Angular 5 is my framework of choice because of my love to statically typed languages like C# or TypeScript and also because of the nice SPA template included with .NET Core CLI. That template is even capable of the server-side rendering, which is a nice tool for SEO and improving the user experience, as it significantly decreases the initial page load time.

The template (and this application) uses Bootstrap library which looks a bit old-fashioned in 2018, I hope the next template from Microsoft will use Angular Material which is more modern-looking.

Considering React vs. Angular, I prefer Angular because, among other things, it is a whole framework with “batteries included” experience featuring things like built-in Dependency Injection, which could be very useful for tests. So you have fewer decisions to make in the beginning, while it is still highly extendable (for example, if you would like, you could use Redux-like @ngrx/store).

ASP.NET Core

The ASP.NET Core component receives REST requests from the Angular SPA, resizes images to 400x300 and puts NST jobs in a queue. Since TensorFlow uses 100% of CPU power, it is not practical to perform two transfers simultaneously, that is why that queue comes in handy. The ASP.NET Core component is also responsible for responding to the polling from the Angular SPA and doing the polling of Python back-end itself.

C# is my favorite language so the choice of ASP.NET Core is natural for me. Microsoft is doing a great job of improving the C# language (comparing with Java, C# syntax recently was and still is years ahead) and building great tools for the developer productivity like Visual Studio and VS Code (and, thanks to JetBrains there are also great extensions/alternatives like ReSharper or Rider). I admit that the open-source community around C# is not as productive as Java or Python communities, but considering that the framework itself and many Microsoft libraries became open-source and cross-platform and Microsoft supports others in building open-source software based on .NET, everyone should take a closer look at .NET Core.

Also, using C# here is a nice example of how two micro-services written in different languages possibly by different teams could easily communicate using REST. Python is very popular for machine learning, but in other spheres, people may use Java, .NET, Node.js, etc. so this scenario is what we would often see in the real world.

Flask

Flask is a popular Python framework for building Web APIs including RESTful ones.

It wraps around the TensorFlow model which is running in a background thread while on another thread it responds to requests to start, stop or query a status of an NST job.

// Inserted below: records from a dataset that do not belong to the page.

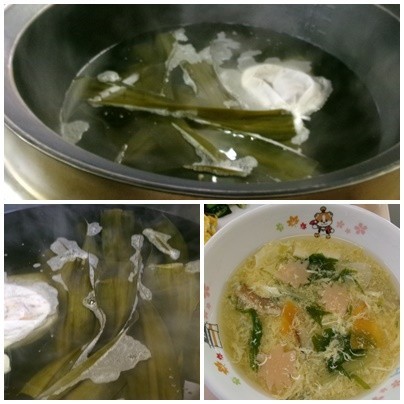 今日の給食のかきたま汁も、むろけずり節と昆布の2つのだしからじっくりと時間をかけて出し汁をとって、かき玉汁を作りました。干し椎茸の戻し汁や具材から出るうま味も加わり、うま味の相乗効果でさらにうま味、香り、コクがでています。秋も深まり、学校の周りのもみじも赤く色づき始めました。もみじ寺として知られている犬山の寂光院(じゃっこういん)もみじ祭りの時期です。赤くそまったもみじの様子を、すすりおろした人参や汁物であらわしました。
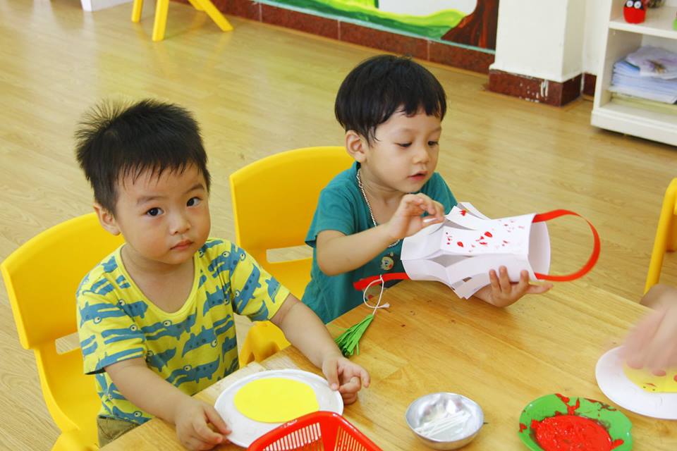 Xem bé yêu bắt tay những hoạt động rất thú vị do các cô chuẩn bị cho mình nha. Các bé được tự tay mình tạo ra những chiếc lồng đèn thật đẹp và ngộ nghĩnh. Các em Nhà trẻ và Mầm thì thực hiện phần vẽ, chấm màu và dán trang trí cho chiếc lồng đèn của mình đẹp hơn. Còn các anh chị lớp Chồi, Lá thì thực hiện những đường vẽ, cắt, gấp giấy đòi hỏi sự khéo léo rất cao. Đây là một hoạt động giúp các bé thể hiện được năng khiếu của mình, sự khéo léo và rèn các kỹ năng tạo hình cần thiết cho các bé.
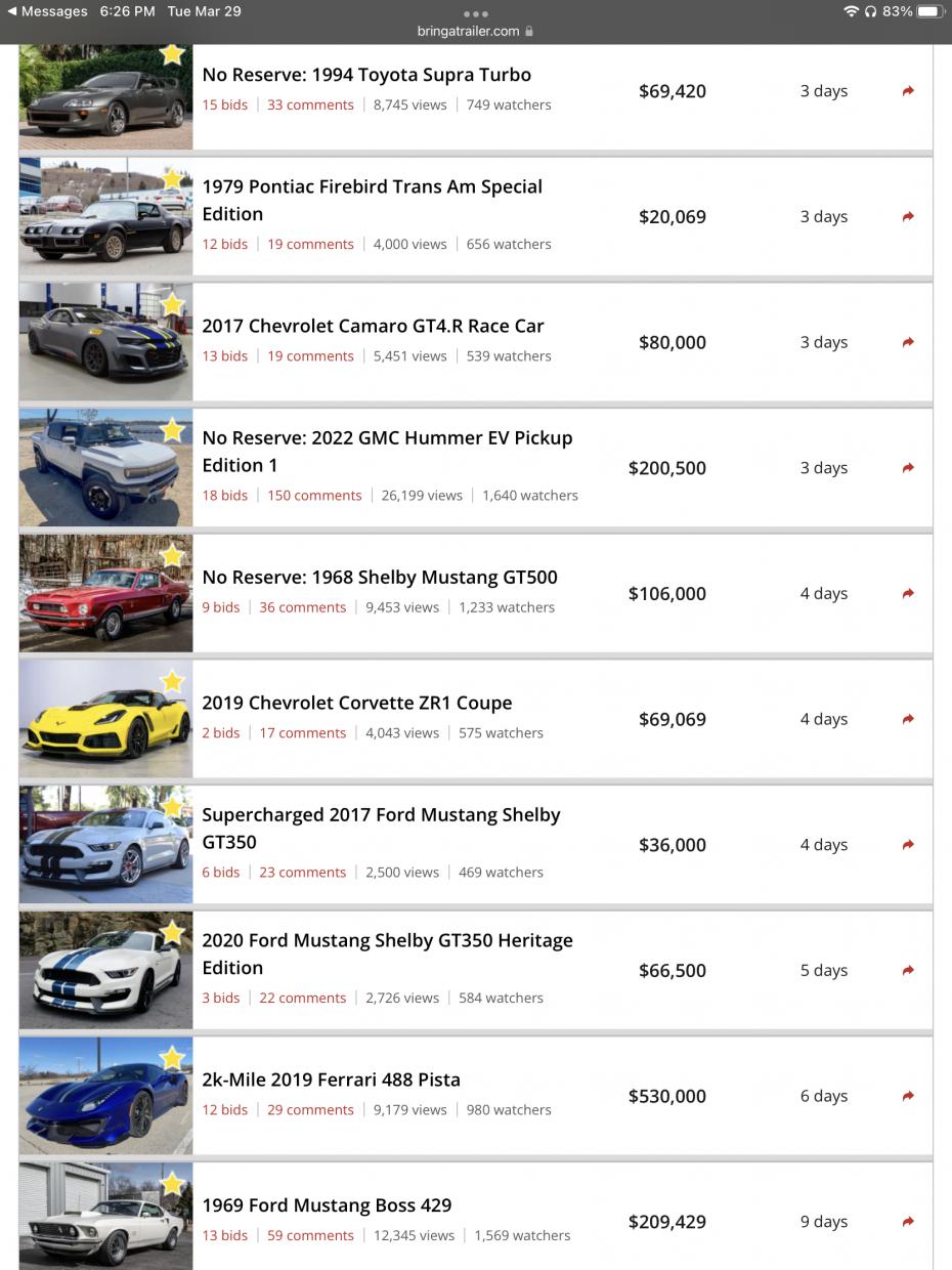 prices are insane like most auctions to get a nice older ride you need deep pockets and a thick wallet. Seems like the rust buckets on the local corner bring insane prices anymore as well. I think the wealthy are snagging up all the ICE classics while there available. I've all but given up looking for some decent classics that where on my list. Gotten to rich for my blood over the last year or two.
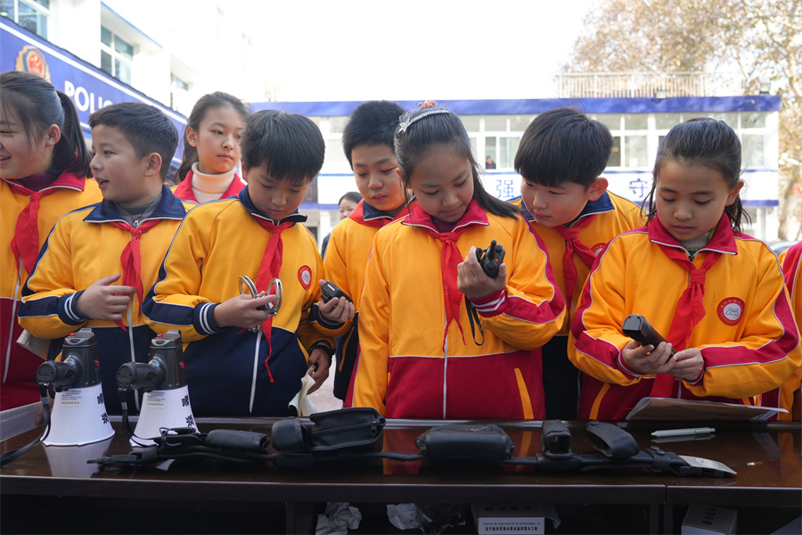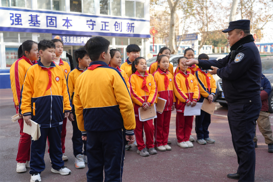 1月8日,在南阳市公安局宛城区公安分局东关派出所,孩子们正在了解民警日常工作。
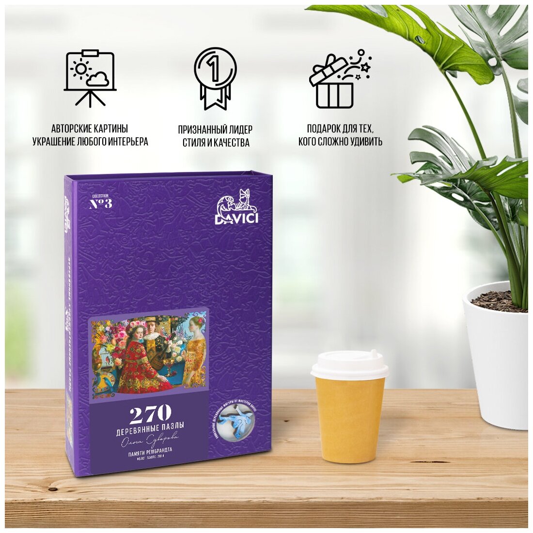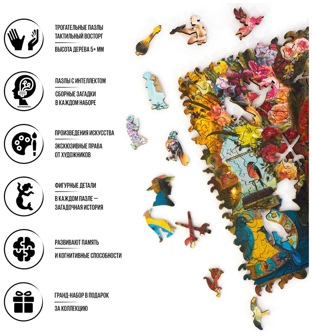 Пазлы DaVICI - это приключение вглубь ожившей картины. Коробка в ваших руках, словно книга, хранит в себе историю героев художественных произведений, сказок и сюрреалистических сюжетов, исполненных в узнаваемых деревянных деталях. Фигурки людей, птиц и зверей, королей и странников, звезд и планет оживают и сопровождают в свои удивительные уютные миры, где всегда ждут вас в гости. Картины художников, воплощенные в пазлах, предстают настоящими произведениями искусства. Приятный запах дерева заявит о реальности маленького мира в ваших руках. Вы почувствуете его сразу, открыв коробку. Тактильный восторг награждает вас с каждым щелчком соединения деталей. Погружение в миры DAVIGI вызывает детскую радость, дарит чистое удовольствие от процесса. Это как возрождение дорогих воспоминаний и пробуждение в себе того, что по-настоящему ценно.

Even though there are special flask_restful and flask_jsonpify packages creating REST/JSON services seems to be not so smooth with Flask as it is with ASP.NET Core. I believe it is not only my lack of experience with it because some parts of my code are based on high-ranked answers on Stack Overflow and instead of using some built-in function they are suggesting to copy-paste their implementations of it.

To be more clear here is an example of parsing of an HTTP request body in JSON format:

# This decorator takes the class/named tuple to convert any JSON data in incoming request to. 
def convert_input_to(class_):
    def wrap(f):
        def decorator(self, *args):
            obj = class_(**request.get_json())
            return f(self, obj)
        return decorator
    return wrap

@convert_input_to(BackendJobModel)
def put(self, job):
    # ...
    current_job = job

Looks nice, but what if a decorated function had more arguments? I could rewrite the code, of course, but the point is, there should be a built-in and generic solution out-of-the-box in contrast to making users copy-paste code that performs very basic tasks.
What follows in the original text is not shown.